What is hereditary cerebral hemorrhage with amyloidosis - Dutch type?

Hereditary cerebral hemorrhage with amyloidosis - Dutch type is an autosomal dominant neurological disorder characterized by recurrent hemorrhagic strokes and dementia. The condition is caused by the deposition of an amyloid-beta precursor protein in the central blood vessels and plaques in the brain.[3] This condition was named for the families in two coastal villages in the Netherlands who were first documented with the condition.[4] 
Last updated: 2/5/2009

What symptoms may be associated with hereditary cerebral hemorrhage with amyloidosis - Dutch type?

Approximately 87% of individuals with hereditary cerebral hemorrhage with amyloidosis - Dutch type have intracranial hemorrhage (bleeding in the brain) and 13% have infarcts (stroke).[2] The first stroke usually occurs between the ages of 45 and 65 years, and is not caused by hypertension or hemorrhagic diathesis (bleeding tendency).[5] Nausea, vomiting, progressive headache, focal neurological signs (double or decreased vision, speech difficulties, confusion, delirium, weakness or paralysis, sensation changes or loss of sensation, progressive intellectual deterioration and memory disturbance) and impairment of consciousness are the most frequent signs and symptoms.[5][1][6] Psychiatric abnormalities, including dementia are also common, with some patients developing dementia without intracranial hemorrhage.[2][6]


Last updated: 2/5/2009

What causes hereditary cerebral hemorrhage with amyloidosis - Dutch type?

The clinical symptoms of hereditary cerebral hemorrhage with amyloidosis - Dutch type are caused by the build-up of a protein called amyloid within the arterial walls of the brain.[1][6] This protein build-up causes bleeding into the brain. The symptoms occur because bleeding in the brain harms brain tissue.[1]

Hereditary cerebral hemorrhage with amyloidosis-Dutch type is an autosomal dominant disorder with complete penetrance (all individuals who inherit the mutated gene will develop the condition). The likely genetic defect is in the amyloid protein precursor protein (APP) gene on chromosome 21.[2]


Last updated: 2/5/2009

How might hereditary cerebral hemorrhage with amyloidosis - Dutch type be treated?

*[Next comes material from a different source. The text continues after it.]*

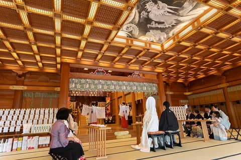 また、雅楽の生演奏や巫女さんの舞など神前式ならではの経験ができることも決め手となりました。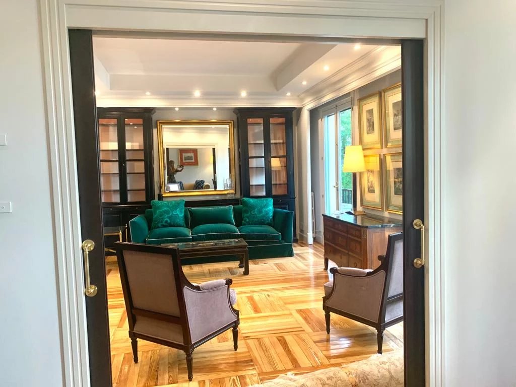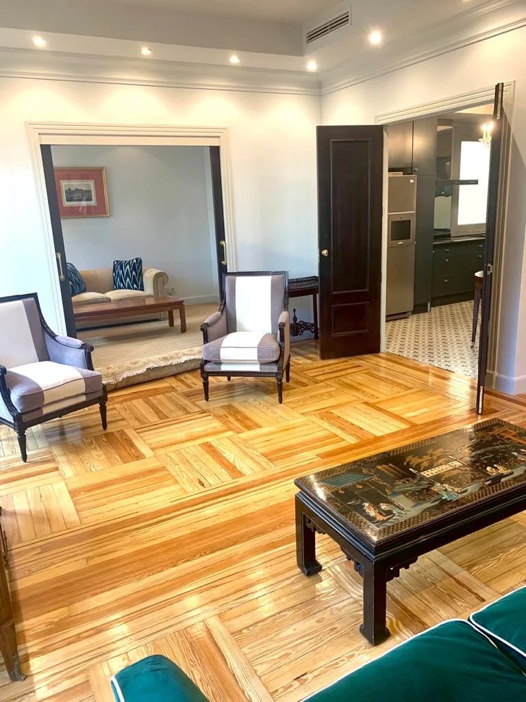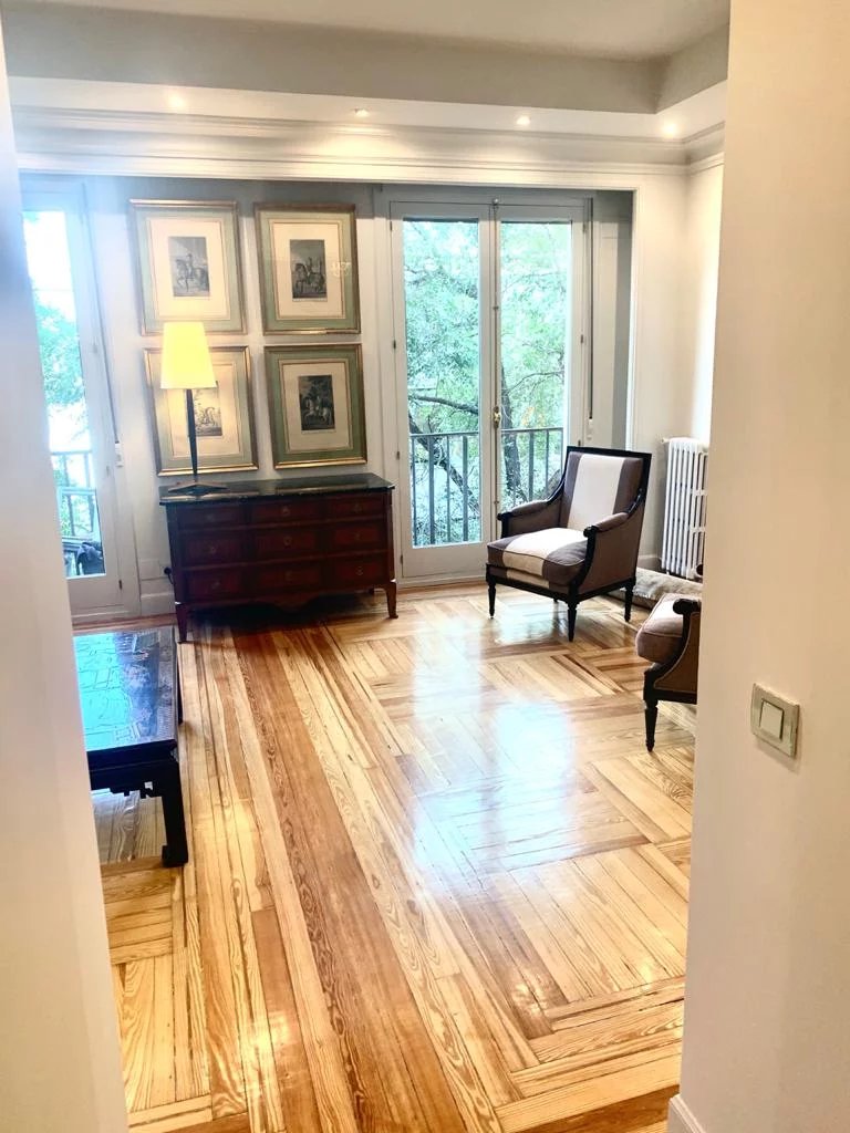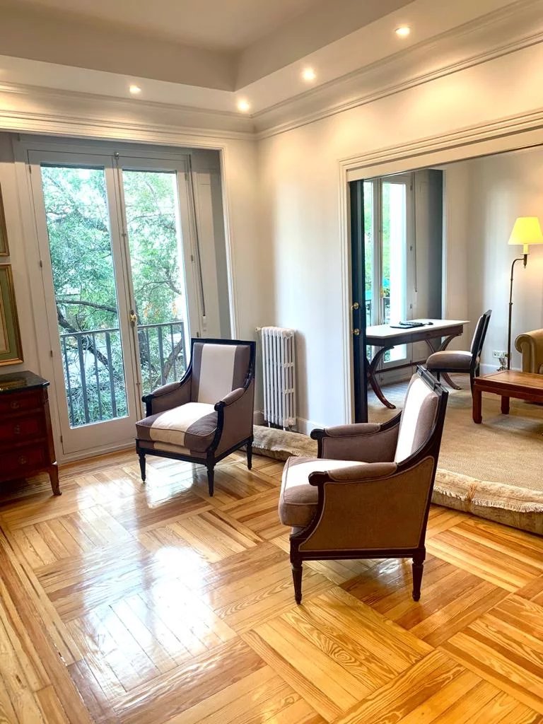 The layout currently includes 2 bedrooms, a study that can easily be converted into a third bedroom, 2 bathrooms, a separate living room and an independent kitchen. The building offers concierge service, central heating and air conditioning, with community fees of approximately €300 per month. A unique opportunity to acquire a character‑filled, light‑flooded property in the heart of Barrio de Salamanca, directly opposite Sanchez Romero Gourmet and surrounded by all amenities.

There is no known effective treatment for hereditary cerebral hemorrhage with amyloidosis - Dutch type. Treatment is supportive and based on the control of symptoms. In some cases, rehabilitation is needed for weakness or clumsiness. This can include physical, occupational, or speech therapy. Occasionally, some patients are good candidates for medications that can help improve memory.[1] The management of intracranial hemorrhage (ICH) related to hereditary cerebral hemorrhage with amyloidosis - Dutch type is identical to the standard management of ICH. The main objectives include reversing anticoagulation, managing intracranial pressure, and preventing complications.[7]